Lesson ch. 18 (1)

Chapter 18: Sampling Distribution Models - Day 1

Introduction to Sampling Distribution Models

  • Focus on modeling the distribution of sample proportions rather than using real repeated samples.

  • Conceptualize what happens when drawing many samples and examining their proportions.

Characteristics of Sample Proportions

  • The histogram of sample proportions drawn repeatedly:

    • Unimodal: One clear peak indicating the sample proportion.

    • Symmetric: Balanced on each side of the center.

    • Centered: Around the true population proportion (p).

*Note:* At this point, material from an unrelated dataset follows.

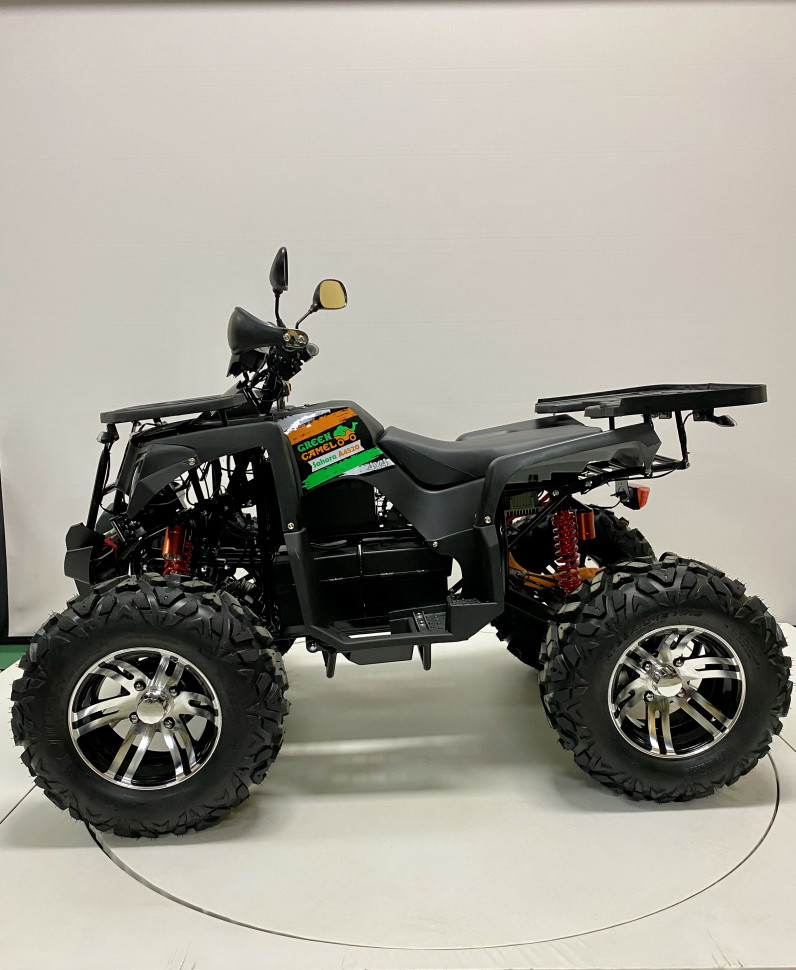 Колеса с дисками R12 и шинами размером 25x8-12 (передние) и 25x10-12 (задние) гарантируют отличное сцепление с дорогой. Высота сиденья составляет 80 см, что обеспечивает удобное размещение для водителя и пассажира. Дорожный просвет в 200 мм позволяет уверенно преодолевать препятствия и неровности на пути.

Normal Model for Sample Proportions

  • The amazing fact:

    • The distribution of sample proportions can be modeled by a normal distribution.

  • Key parameters of the normal model:

    • Mean (center): The true population proportion (p).

    • Standard Deviation: Calculated using the formula:

      • [ \sigma = \sqrt{\frac{pq}{n}} ]

      • Where ( q ) is the complement of ( p ).

      • This distribution centers on ( p ) with standard deviation affecting the spread.

  • Normal curve representation:

    • 68% of sample proportions fall within 1 standard deviation of the mean (p).

    • 95% fall within 2 standard deviations.

    • 99.7% within 3 standard deviations.

Validating the Normal Model

  • The normal model improves with larger sample sizes.

  • Two assumptions and conditions must be met:

    1. Independence of Sampled Values: Sampled values must be independent of each other.

    2. Large Enough Sample Size (n): Sufficiently large to apply the normal model.

Checking Assumptions and Conditions

  • Independence Condition:

    • Use the 10% condition: The sample size ( n ) must be no larger than 10% of the population if sampling without replacement.

  • Large Enough Condition:

    • Success-Failure Condition: Ensure ( n \cdot p ) and ( n \cdot q ) both exceed 10.

Understanding Sampling Distribution Models

  • A distribution of sample proportions (( \hat{p} )) emerges and is modeled as a normal distribution:

    • Mean of ( \hat{p} ): True population proportion (p).

    • Standard Deviation of ( \hat{p} ): ( \sqrt{\frac{pq}{n}} ).

  • Although we imagine these sampling distribution models, they are crucial for drawing conclusions about populations from data samples.

Example 1: Proportion of Speeders

  • Scenario: 80% of cars exceed the speed limit.

  • Normal model for 50 cars:

    • Centered at 80%

    • Standard deviation approximately 5.7% (calculated from ( \sqrt{ 0.8 \times 0.2/50} )).

    • Conditions validated:

      • 50 is less than 10% of a large population.

      • Success condition: ( 50 \cdot 0.8 = 40 ) (greater than 10) and ( 50 \cdot 0.2 = 10 ) (also greater than 10).

  • Expectation ranges based on standard deviations:

    • 68% probability of sample proportion between 74.3% and 85.7%.

    • 95% probability between 68.7% and 91.3%.

    • 99.7% probability between 63% and 97%.

Example 2: Groovy M&Ms

  • Scenario: 30% of candies in a bag are Groovy M&Ms.

  • Analysis for a bag of 250 M&Ms:

    • Normal model centered at 0.3 with standard deviation approximately 0.02898 ( (\sqrt{0.3 \times 0.7 / 250}) ).

  • Probability calculation for at least 25% Groovy M&Ms:

    • Validating model:

      • 250 < 10% of total M&Ms produced.

      • Success condition satisfied: ( n \cdot p = 75 ) and ( n \cdot q = 175 ).

    • Probability methods:

      • Normal CDF for 0.25 to 0.3 results in 0.4578; add 50% for symmetry gives 0.9578.

      • Alternatively, using extreme values gives the same result.

Conclusion

  • Importance of sampling distribution models: They allow conclusions about a population based on finite data, acting as a bridge from empirical data to statistical analysis.